* _About this exercise_
Give the data again exactly as written, skipping any pictures.

--- Supplied material Enclosed Below ---

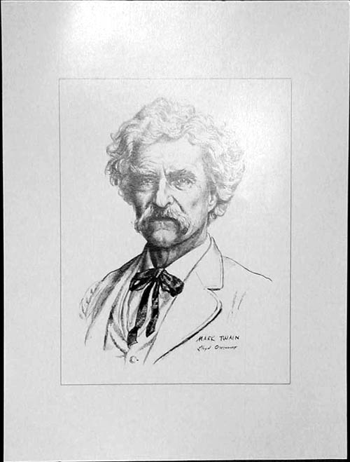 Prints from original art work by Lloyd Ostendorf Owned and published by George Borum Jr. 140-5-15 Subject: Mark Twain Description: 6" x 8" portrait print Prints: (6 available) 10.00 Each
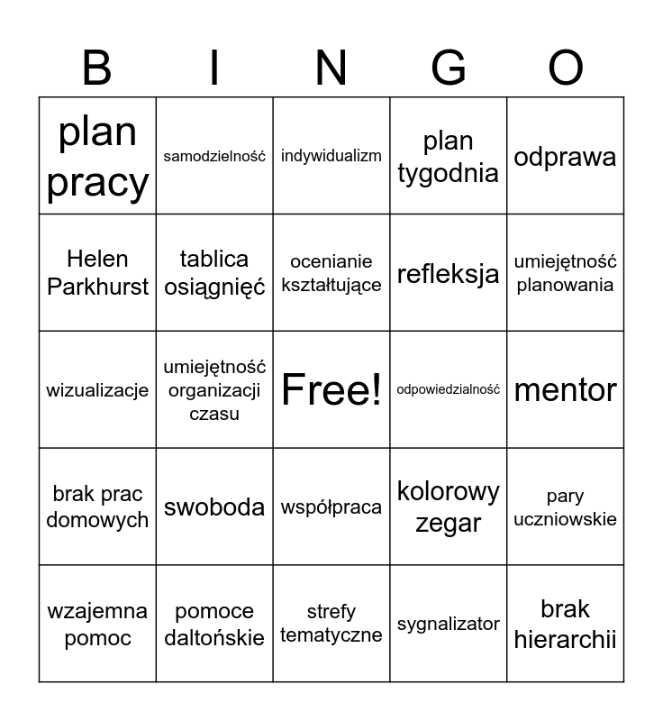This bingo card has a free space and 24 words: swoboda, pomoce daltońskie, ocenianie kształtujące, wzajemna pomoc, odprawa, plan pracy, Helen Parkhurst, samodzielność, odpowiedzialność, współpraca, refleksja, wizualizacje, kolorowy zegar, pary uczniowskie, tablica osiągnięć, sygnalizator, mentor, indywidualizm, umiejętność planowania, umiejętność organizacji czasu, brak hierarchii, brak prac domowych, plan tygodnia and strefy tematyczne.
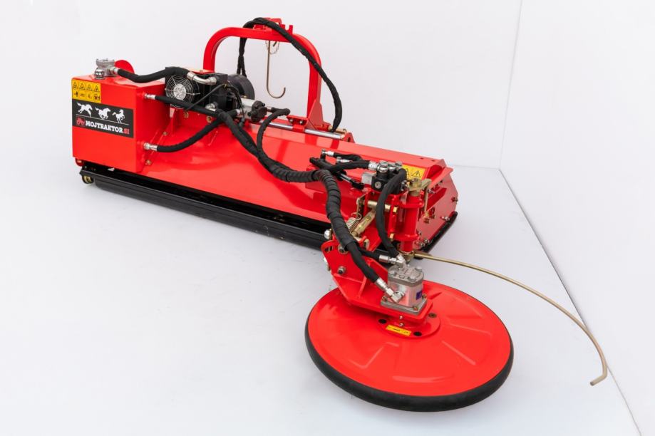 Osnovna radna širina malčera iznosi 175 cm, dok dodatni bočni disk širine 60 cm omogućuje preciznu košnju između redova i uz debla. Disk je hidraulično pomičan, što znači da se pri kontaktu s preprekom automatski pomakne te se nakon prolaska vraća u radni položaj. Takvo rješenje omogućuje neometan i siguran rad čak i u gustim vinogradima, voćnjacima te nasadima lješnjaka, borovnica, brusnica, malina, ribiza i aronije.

--- End of Enclosed Supplied material ---

* _Output of the exercise_
 Prints from original art work by Lloyd Ostendorf Owned and published by George Borum Jr. 140-5-15 Subject: Mark Twain Description: 6" x 8" portrait print Prints: (6 available) 10.00 Each
This bingo card has a free space and 24 words: swoboda, pomoce daltońskie, ocenianie kształtujące, wzajemna pomoc, odprawa, plan pracy, Helen Parkhurst, samodzielność, odpowiedzialność, współpraca, refleksja, wizualizacje, kolorowy zegar, pary uczniowskie, tablica osiągnięć, sygnalizator, mentor, indywidualizm, umiejętność planowania, umiejętność organizacji czasu, brak hierarchii, brak prac domowych, plan tygodnia and strefy tematyczne.
 Osnovna radna širina malčera iznosi 175 cm, dok dodatni bočni disk širine 60 cm omogućuje preciznu košnju između redova i uz debla. Disk je hidraulično pomičan, što znači da se pri kontaktu s preprekom automatski pomakne te se nakon prolaska vraća u radni položaj. Takvo rješenje omogućuje neometan i siguran rad čak i u gustim vinogradima, voćnjacima te nasadima lješnjaka, borovnica, brusnica, malina, ribiza i aronije.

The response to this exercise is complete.